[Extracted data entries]
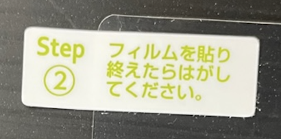 Step② 画面に保護シートを貼付した後に、こちらのシールのついたフィルムをはがしてください
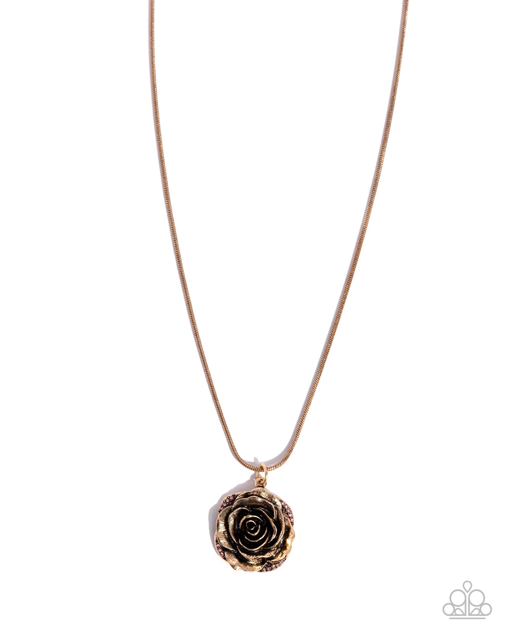 Gliding along an antiqued gold snake chain, a three-dimensional, oversized antiqued gold rose glistening with etched texture blooms below the neckline for a whimsical display. Gracing the outer crimped petals, a collection of dainty rose rhinestones glistens for a shimmery finish. Features an adjustable clasp closure.
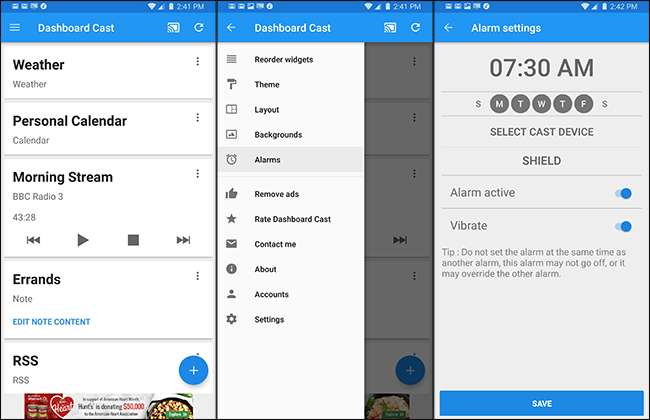De coolste functie in Dashboard Cast is de mogelijkheid om automatisch naar een televisie te casten op basis van een alarm. Tik in de kolom met instellingen aan de linkerkant op de optie "Alarm" en stel de tijd in waarop je 's ochtends wakker wordt. De app begint op het afgesproken tijdstip met casten. Als je televisie is ingesteld op automatisch inschakelen wanneer hij de juiste invoer ontvangt, wacht hij op je, net als je koffiezetapparaat.
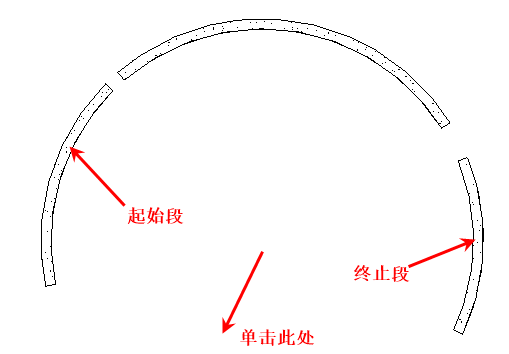 (3)如果拾取的梁是圆弧梁,并且起始和终止梁不重叠,则还需要拾取一点作为梁合并的方向位置。
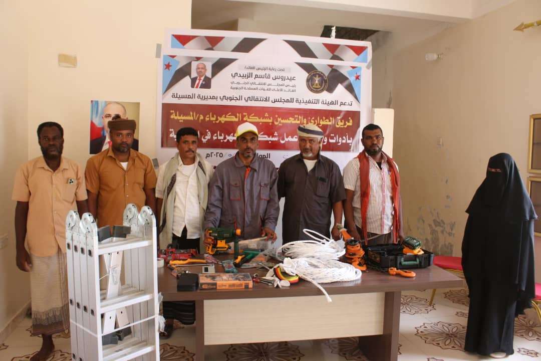 دعمت القيادة المحلية للمجلس الانتقالي الجنوبي في مديرية المسيلة بمحافظة المهرة، اليوم الأحد، مشروع صيانة كهرباء المديرية، بعدد من الأدوات والمعدات.
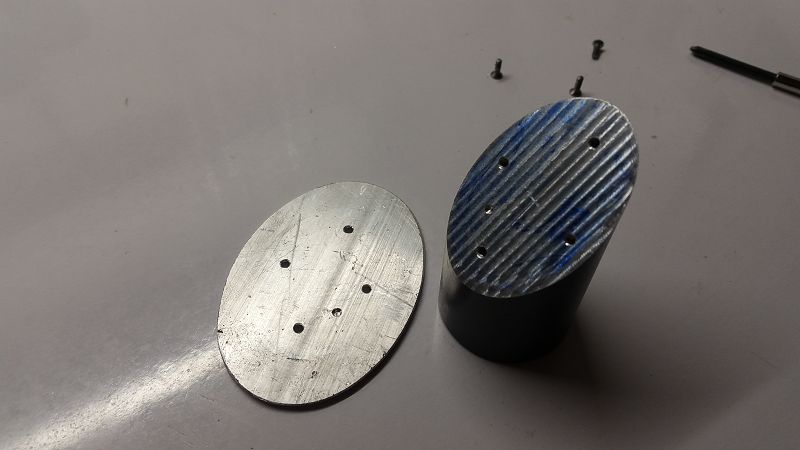 Da der Rundkörper noch bei der Fräse eingespannt war, habe ich die Löcher ausgemessen und gesetzt, diese Löcher müssen nun auch auf die Platte, das ist aber nicht so kritisch müssen aber auch gleiche Abstände haben sonst passen sie nicht.
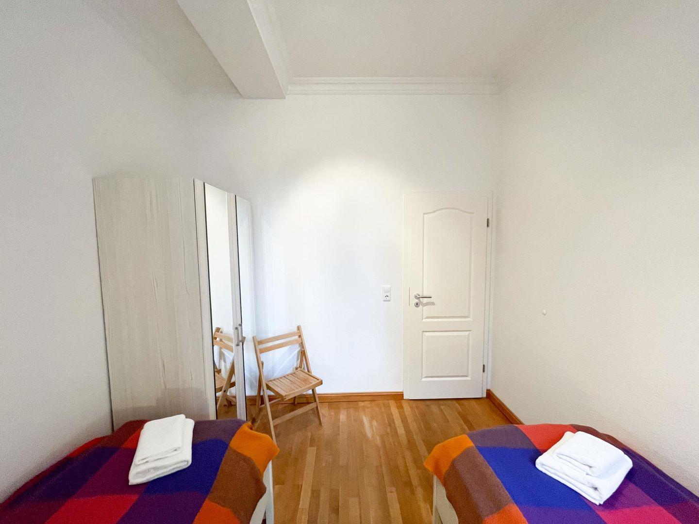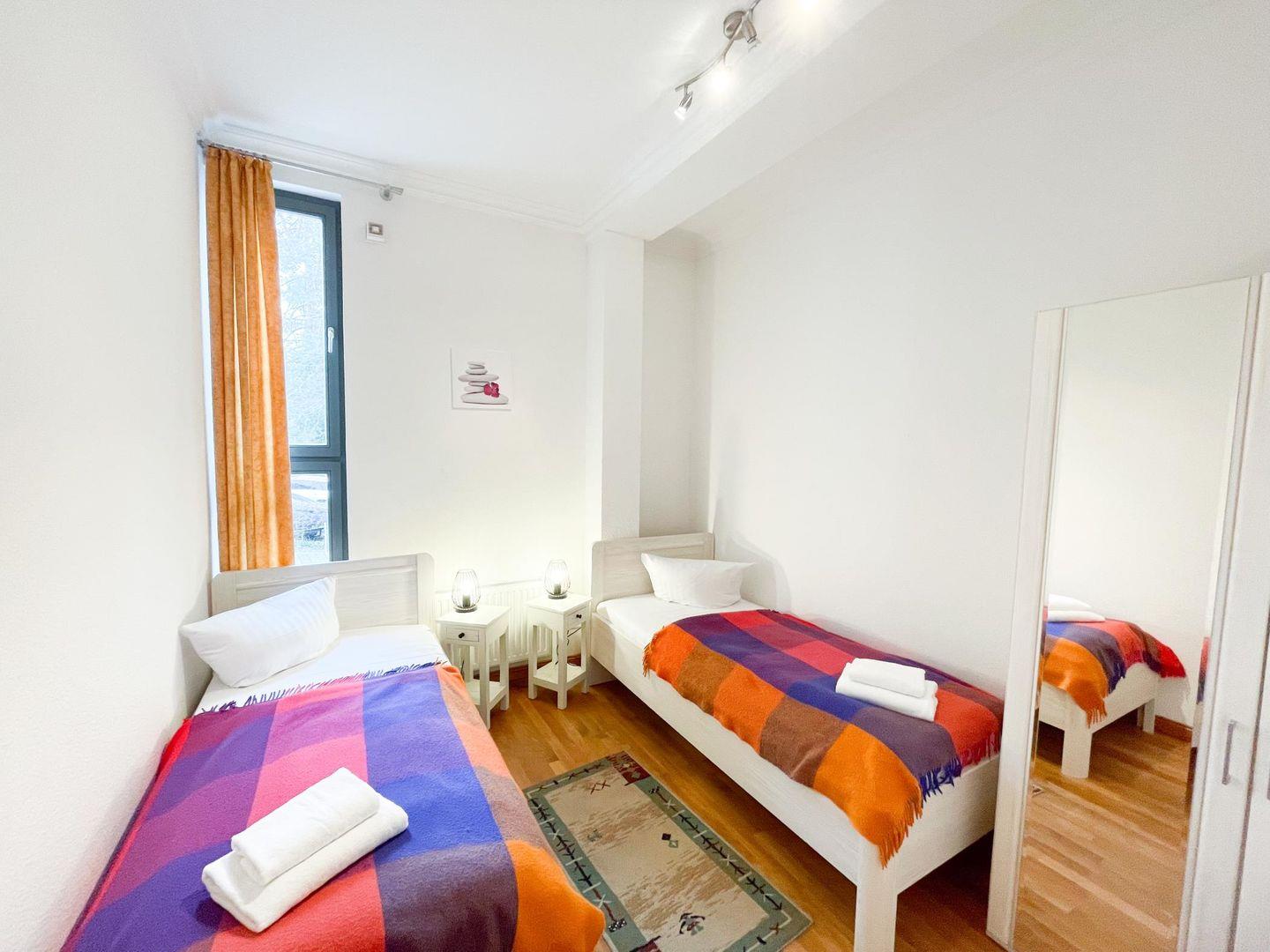 Das größere der beiden Schlafzimmer verfügt über ein Doppelbett; im kleineren Schlafzimmer stehen zwei Einzelbetten. Somit ist die Wohnung sowohl für eine kleine Gruppe von bis zu 4 Erwachsenen als auch für eine Familie mit 2 Kindern gleichermaßen geeignet.
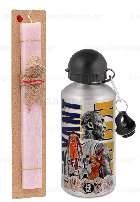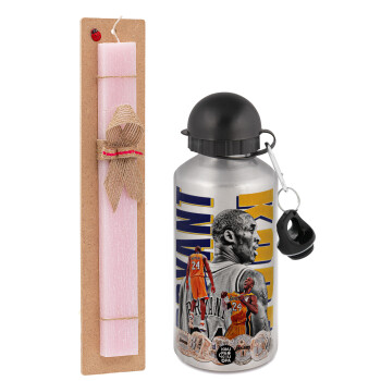 Kobe Bryant, Easter Set, metallic Silver aluminum water bottle (500ml) & scented flat Easter candle (30cm) (PINK)
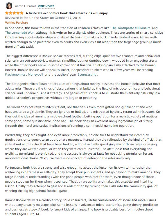 I’ll add a special mention for Rookie Bookie which I read with Zak this year. It’s written by a Wall Street quant with a sports analytics love. This observation from the book is a nice demonstration of how the book is fun for the adult reading with the kid:
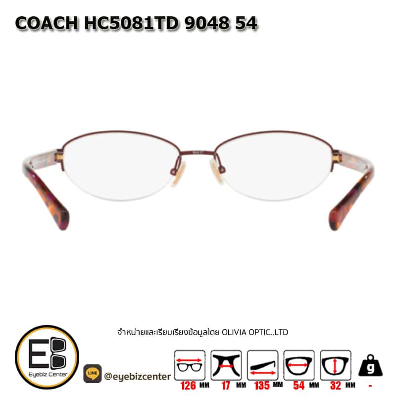 กรอบแว่นสายตา COACH HC5081TD 9048 54 กรอบแว่นดีไซน์ทรง รี น้ำหนักเบามาก ไม่เป็นสนิม แข็งแรงสูง ตัวกรอบแว่นด้านหน้าผลิตจากวัสดุ ไทเทเนียม ขาแว่นทำจาก พลาสติกอะซิเตท สี แดงเข้มเบอร์กันดี ของแท้! มีรับประกัน ส่งเคลมได้ทุกสาขา
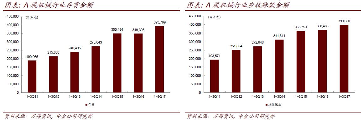 资产负债表:截至三季度末,机械行业存货余额较年初增长17.9%至3,940亿元,应收账款增长16.4%至3,991亿元,而行业资产负债率下降0.4ppt至56.6%。

#### [Problem details]
Above are some entries. Restate word for word the lines from the one holding "De coolste functie" through the one holding "(3)如果拾取的梁是圆弧梁,并且起始和终", but not the pictures.

#### [Output]
De coolste functie in Dashboard Cast is de mogelijkheid om automatisch naar een televisie te casten op basis van een alarm. Tik in de kolom met instellingen aan de linkerkant op de optie "Alarm" en stel de tijd in waarop je 's ochtends wakker wordt. De app begint op het afgesproken tijdstip met casten. Als je televisie is ingesteld op automatisch inschakelen wanneer hij de juiste invoer ontvangt, wacht hij op je, net als je koffiezetapparaat.
 (3)如果拾取的梁是圆弧梁,并且起始和终止梁不重叠,则还需要拾取一点作为梁合并的方向位置。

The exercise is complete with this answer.